# Morning Star Trip 5 Sep 10



## Talapia (Apr 27, 2003)

Headed out on the Morning Star on Sunday 5 Sep. Weather was
absolutely perfect! Warm enough to wear shorts and a t-shirt
but not hot enough to sweat. Boat had about 20+ folks 
since the Saturday passengers were moved to Sunday due to 
the storm. Plan was for flounder and seabass. Boat left at
7:30 AM and steamed out for about an hour and a half.
First drop was very slow. Probably 75% of the folks were
rigged for flounder. I was fishing for whatever was biting.
I rigged up for seabass. Caught around 5 keeper seabass
at this spot. One thing I noticed was that even though the
bite was slow the keeper ratio was very good. Mine 
was probably around 3 throwbacks for every keeper.
Second drop was only about 15 minutes away and there 
were several other local party boats from OC there.
Fishing was MUCH better here and I had a nice steady stream
of keepers coming in. Me and the guy next to me had a few
fish that we did not think had a shot at making 12.5". But 
some of them long skinny seabass will suprise ya. We had 
about 5 or 6 fish in a row that measured out just past 12.5".
We told everyone to stay the heck away from our "magic ruler"
The flounder fisherman had an awful day.
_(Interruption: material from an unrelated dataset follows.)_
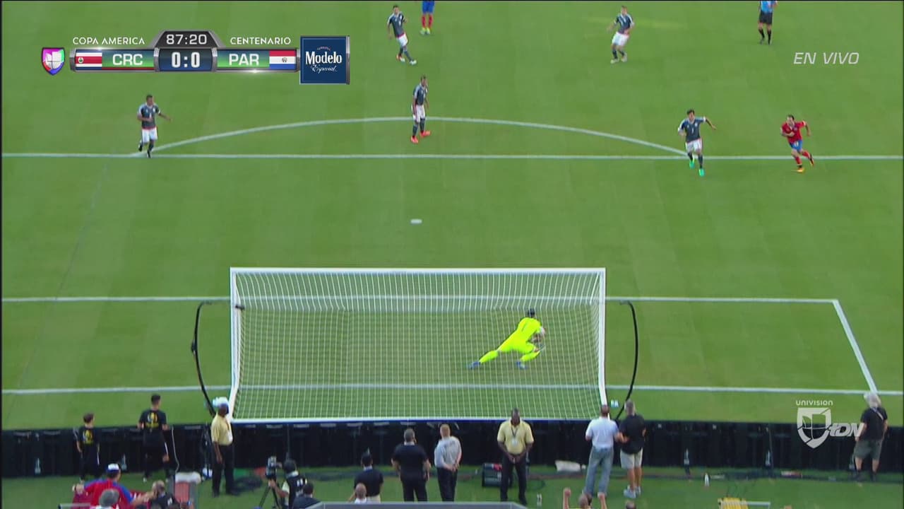 El mediocampista hace un tiro lejano y el arquero paraguayo ataja con dificultades.

Only 2 keepers were 
caught and both of them by clam fisherman. I was lucky enough
to have the first keeper and was just beat out for the pool
by a guy 2 spots down. On the way in I had my fish cleaned and
figured I had about 15 fish. I was really suprised to see
them count out 24 seabass. One shy of a limit... overall great
day.


----------



## greeneon98 (May 11, 2007)

Nice to hear you had a good trip. sea bass are delicious!


----------



## eaglesfanguy (May 1, 2003)

Awsome report! I miss those fluke/seabass trips up in Long beach island.


----------